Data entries
* * * * * * *

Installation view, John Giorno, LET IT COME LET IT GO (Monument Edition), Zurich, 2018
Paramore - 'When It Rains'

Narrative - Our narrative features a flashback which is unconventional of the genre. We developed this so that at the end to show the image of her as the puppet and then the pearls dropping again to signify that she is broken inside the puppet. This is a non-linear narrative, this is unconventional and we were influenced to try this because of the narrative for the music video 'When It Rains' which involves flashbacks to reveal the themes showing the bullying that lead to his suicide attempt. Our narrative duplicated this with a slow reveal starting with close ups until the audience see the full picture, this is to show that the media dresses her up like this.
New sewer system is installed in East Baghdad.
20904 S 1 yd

* * * * * * *

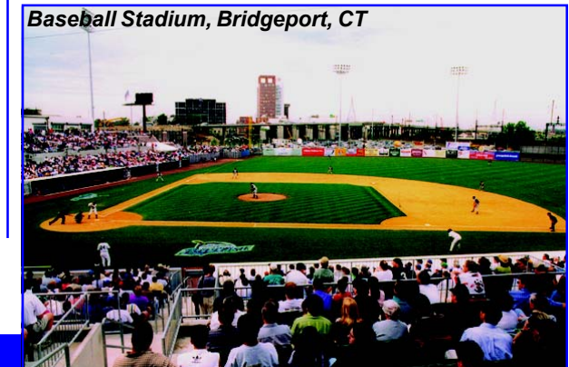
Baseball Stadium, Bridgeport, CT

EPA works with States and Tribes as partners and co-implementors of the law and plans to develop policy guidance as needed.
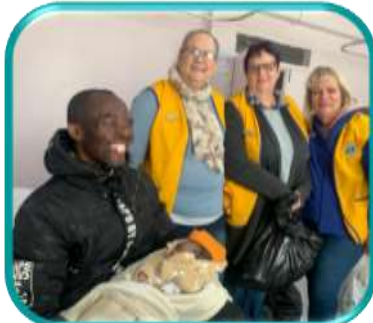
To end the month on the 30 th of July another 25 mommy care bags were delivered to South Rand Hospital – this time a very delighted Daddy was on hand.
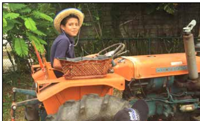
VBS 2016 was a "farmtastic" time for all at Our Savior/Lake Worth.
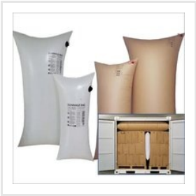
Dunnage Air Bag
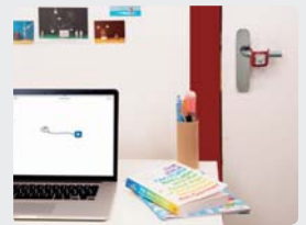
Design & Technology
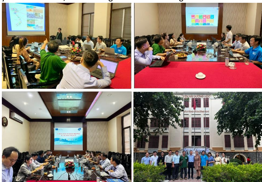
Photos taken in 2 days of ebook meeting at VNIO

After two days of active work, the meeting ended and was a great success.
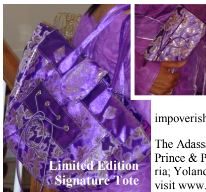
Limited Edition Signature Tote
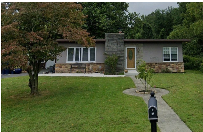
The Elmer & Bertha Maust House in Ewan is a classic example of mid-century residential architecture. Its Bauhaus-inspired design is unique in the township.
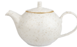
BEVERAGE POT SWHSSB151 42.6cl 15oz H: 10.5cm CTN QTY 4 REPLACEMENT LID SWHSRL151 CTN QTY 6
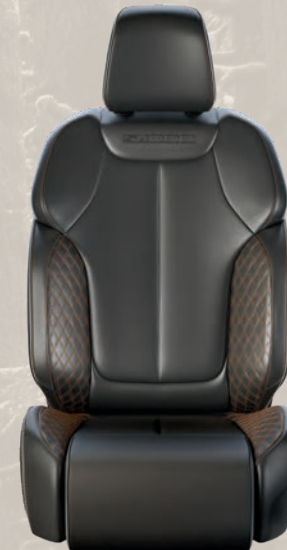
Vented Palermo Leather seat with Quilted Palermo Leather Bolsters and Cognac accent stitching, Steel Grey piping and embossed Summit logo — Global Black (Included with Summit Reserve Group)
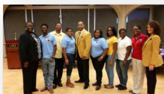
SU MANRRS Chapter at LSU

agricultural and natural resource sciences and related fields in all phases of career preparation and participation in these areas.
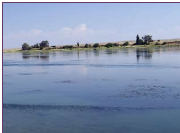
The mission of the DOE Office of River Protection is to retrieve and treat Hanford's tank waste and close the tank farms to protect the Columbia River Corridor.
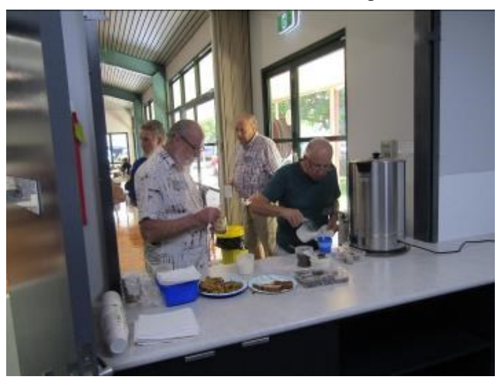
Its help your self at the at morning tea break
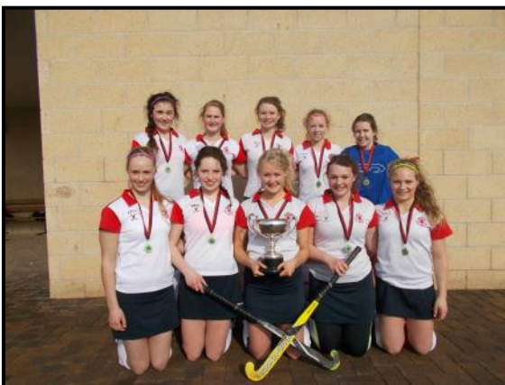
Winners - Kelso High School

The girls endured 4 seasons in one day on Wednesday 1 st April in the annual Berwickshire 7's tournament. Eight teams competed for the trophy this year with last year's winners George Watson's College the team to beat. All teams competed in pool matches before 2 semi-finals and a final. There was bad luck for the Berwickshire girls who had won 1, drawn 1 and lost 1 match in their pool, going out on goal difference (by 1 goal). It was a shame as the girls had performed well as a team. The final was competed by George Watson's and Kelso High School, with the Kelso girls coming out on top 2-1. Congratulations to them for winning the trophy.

* * * * * * *

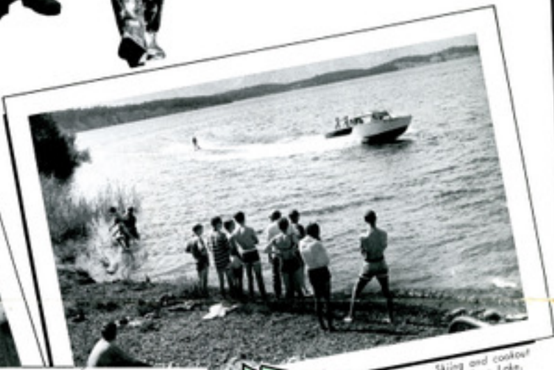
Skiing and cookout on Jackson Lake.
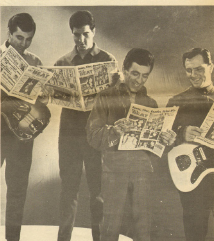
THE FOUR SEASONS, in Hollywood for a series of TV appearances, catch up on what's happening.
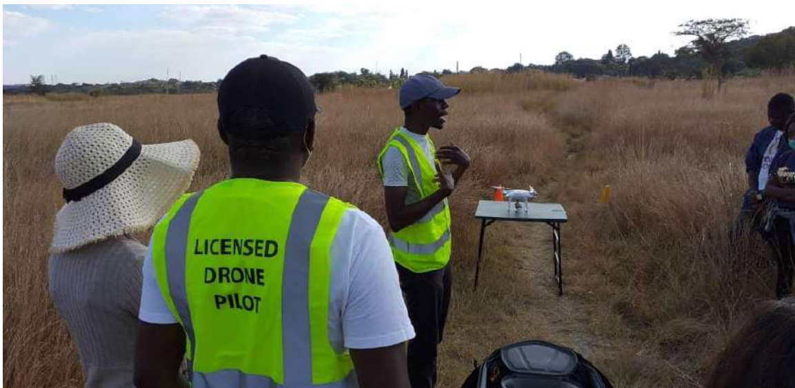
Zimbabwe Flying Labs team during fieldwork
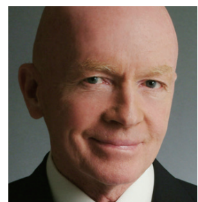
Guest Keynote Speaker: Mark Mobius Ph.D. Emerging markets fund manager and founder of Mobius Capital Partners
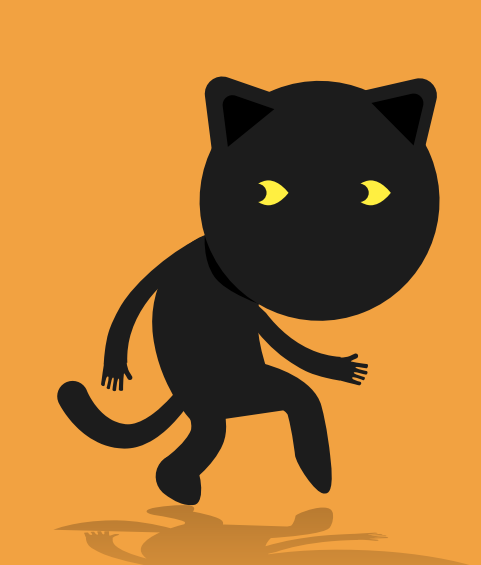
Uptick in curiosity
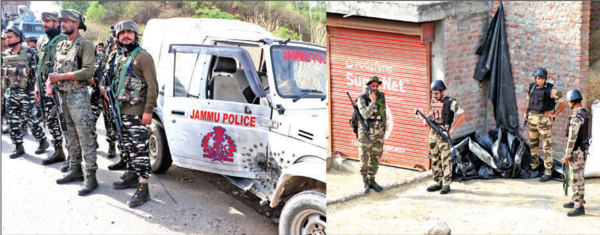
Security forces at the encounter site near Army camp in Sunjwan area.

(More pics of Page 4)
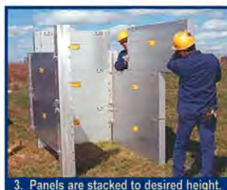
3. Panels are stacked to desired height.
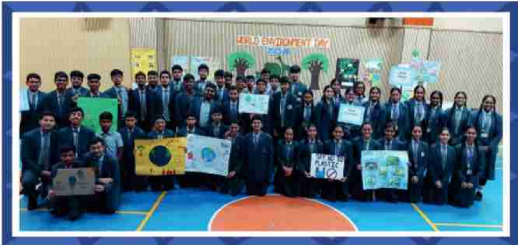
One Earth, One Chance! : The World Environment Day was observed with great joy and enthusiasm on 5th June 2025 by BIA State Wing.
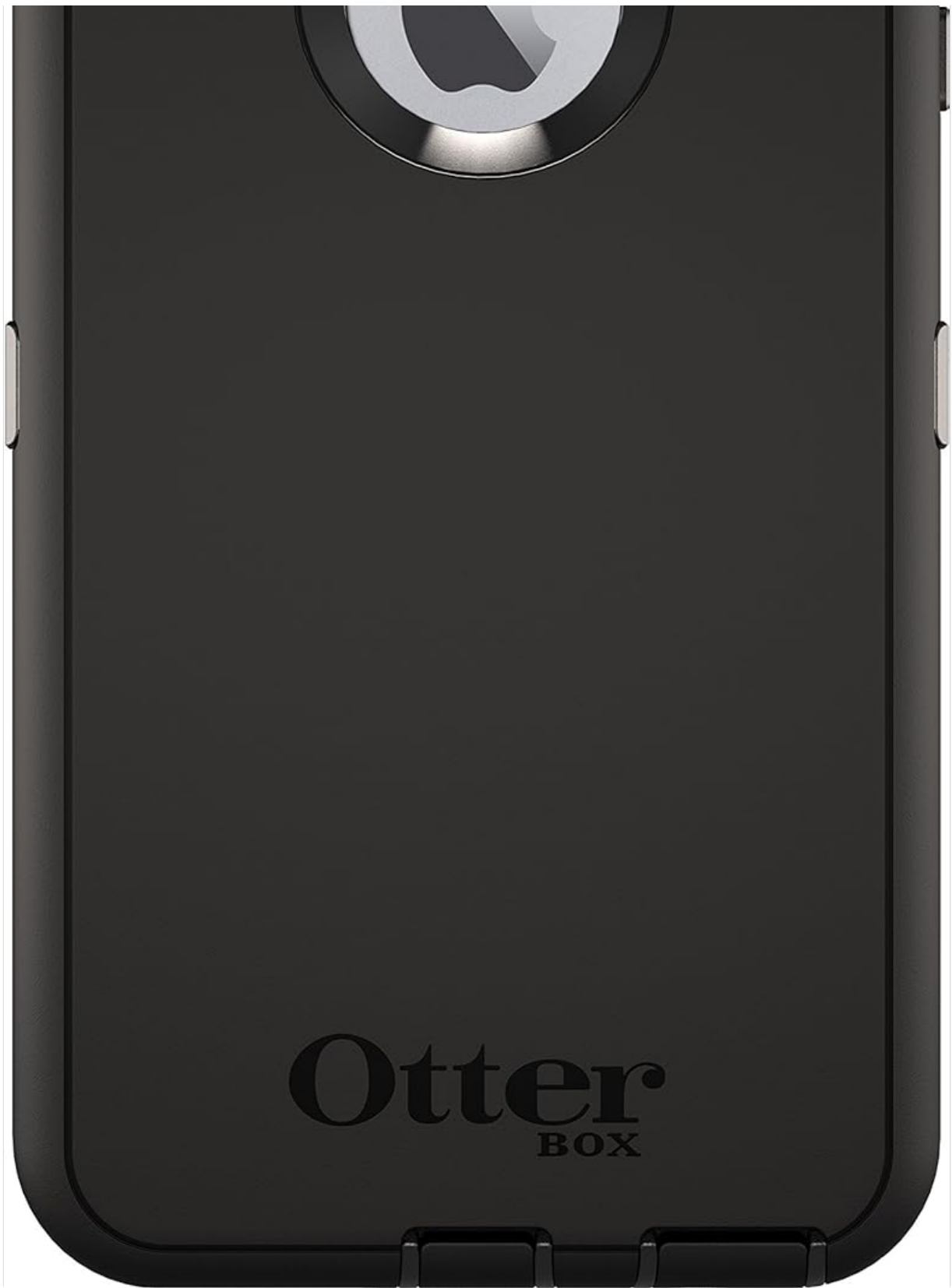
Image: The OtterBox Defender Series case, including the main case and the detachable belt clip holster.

* * * * * * *

Once you reach the line with "Installation view, John" in the data above, copy it and every line after it exactly, up to and including the line with "Paramore - 'When It Rains'".

Installation view, John Giorno, LET IT COME LET IT GO (Monument Edition), Zurich, 2018
Paramore - 'When It Rains'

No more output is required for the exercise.